CREATE TEMPORARY TABLE datagen_source(
name VARCHAR
) WITH (
'connector' = 'datagen'
);
-- Create a result table named blackhole_sink.
CREATE TEMPORARY TABLE blackhole_sink(
name VARCHAR
) WITH (
'connector' = 'blackhole'
);
-- Insert data from the source table datagen_source into the result table blackhole_sink.
INSERT INTO blackhole_sink
SELECT
name
FROM datagen_source WHERE LENGTH(name) > ${name_length};In this example, the value of the parameter name_length is 5. You can configure this parameter to filter the data whose names are less than 5 in length.
Step 2: Configure the Flink SQL Streaming task
You can refer to the parameter descriptions in the following tables to configure the Flink SQL Streaming task based on your business requirements.
Configure parameters in the Flink Resource Information section
In the Flink Resource Information section of the Real-time Configurations tab, configure the parameters based on the resource configuration mode. The following table describes the parameters. For more information, see Configure resources for a deployment.
Parameter | Description |
Flink Cluster | The name of the Realtime Compute for Apache Flink workspace that is associated with the DataWorks workspace in Management Center. |
Flink Engine Version | Select an engine version based on your business requirements. |
Resource Group | Select the serverless resource group that is connected to the Realtime Compute for Apache Flink workspace. |
Two resource configuration modes are supported: basic mode and expert mode. For more information, see Configure resources for a deployment.
Configure the parameters based on the resource configuration mode that you select. You can configure parameters more efficiently after you understand the architecture of Apache Flink. For more information, see Flink Architecture. | |
Basic Mode | |
Job Manager CPU | The best practices of Realtime Compute for Apache Flink show that the JobManager requires at least 0.5 CPU cores and 2 GiB of memory to ensure the stable running of the deployment.
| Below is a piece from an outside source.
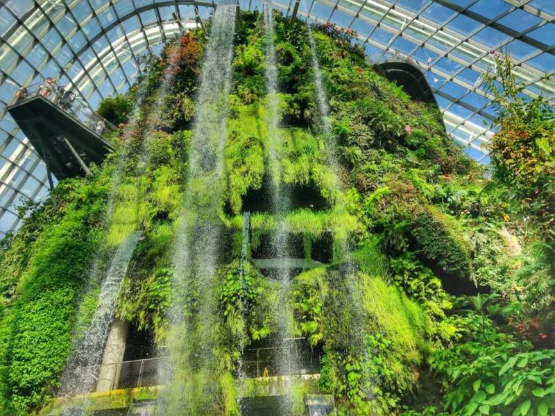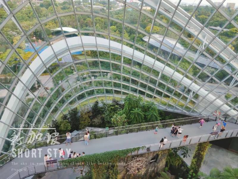 雲霧林是是一個穹頂大玻璃房子,一進去就看到6層的瀑布傾瀉而下,水霧彌漫在空氣裏,非常清涼。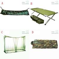 A: Art No.: CB10117 Item: hammock Material: polyester/nylon cotton canvas/polyester canvas ---------------------------------------------------------- B: Art No.: CB10105 Item: camp bed Material: polyester/cotton/nylon ---------------------------------------------------------- C: Art No.: CB10109 Item: mosquito net Material: polyester ---------------------------------------------------------- D: Art No.: CB10120 Item: sleeping bag Material: polyester

We recommend that you configure 1 CPU core and 4 GiB of memory for each JobManager. You can configure a maximum of 16 CPU cores. You must configure this parameter based on the size of the Realtime Compute for Apache Flink workspace and deployment complexity. |
Job Manager Memory | The memory configuration of the JobManager affects the task scheduling and management capabilities of the JobManager. We recommend that you specify a value from 2 to 64 for this parameter to ensure the stable and efficient running of the system. Unit: GiB. You must configure this parameter based on the size of the Realtime Compute for Apache Flink workspace and deployment requirements. |
Task Manager CPU | The CPU resource configuration of a TaskManager affects the ability of the TaskManager to process data in tasks. The best practices of Realtime Compute for Apache Flink show that a TaskManager requires at least 0.5 CPU cores and 2 GiB of memory to ensure the stable running of the deployment. We recommend that you configure 1 CPU core and 4 GiB of memory for each TaskManager. You can configure a maximum of 16 CPU cores. You must configure this parameter based on your business requirements. |
Task Manager Memory | The memory configuration of a TaskManager determines the data volume and performance of the TaskManager to process data in tasks. To ensure task stability and efficiency, we recommend that you specify a value from 2 to 64 for this parameter. Unit: GiB. |
Parallelism | The number of tasks that can be run in parallel in a deployment. Higher concurrency can improve the processing speed and resource utilization. You must configure this parameter based on workspace resources and deployment characteristics. |
Slots For Each TaskManager | The number of slots in each TaskManager. This parameter specifies the number of tasks that can be run in parallel. You can adjust the slot configuration to optimize resource utilization and deployment parallel processing. |
Expert Mode | |
Job Manager CPU | The best practices of Realtime Compute for Apache Flink show that the JobManager requires at least 0.25 CPU cores and 1 GiB of memory to ensure the stable running of the deployment. You can configure a maximum of 16 CPU cores. You must configure this parameter based on the size of the Realtime Compute for Apache Flink workspace and deployment complexity. |
Job Manager Memory | The memory configuration of the JobManager affects the task scheduling and management capabilities of the JobManager. We recommend that you specify a value from 1 to 64 for this parameter to ensure the stable and efficient running of the system. Unit: GiB. You must configure this parameter based on the size of the Realtime Compute for Apache Flink workspace and deployment requirements. |
Slots For Each TaskManager | The number of slots in each TaskManager. This parameter specifies the number of tasks that can be run in parallel. You can adjust the slot configuration to optimize resource utilization and deployment parallel processing. |
Multi-SSG Mode | By default, all operators are placed in one SSG. You cannot separately modify the resource configuration of each operator. If you want to configure resources for individual operators, you must enable the Multiple SSG mode to ensure that each operator has an independent slot. This way, you can configure resources for each operator in a slot. |
(Optional) Configure parameters in the Script Parameters section
In the right-side navigation pane of the node configuration page, click the Real-time Configurations tab. In the Script Parameters section of the Real-time Configurations tab, click Add Parameter and configure Parameter Name and Parameter Value to dynamically use the parameter in the code.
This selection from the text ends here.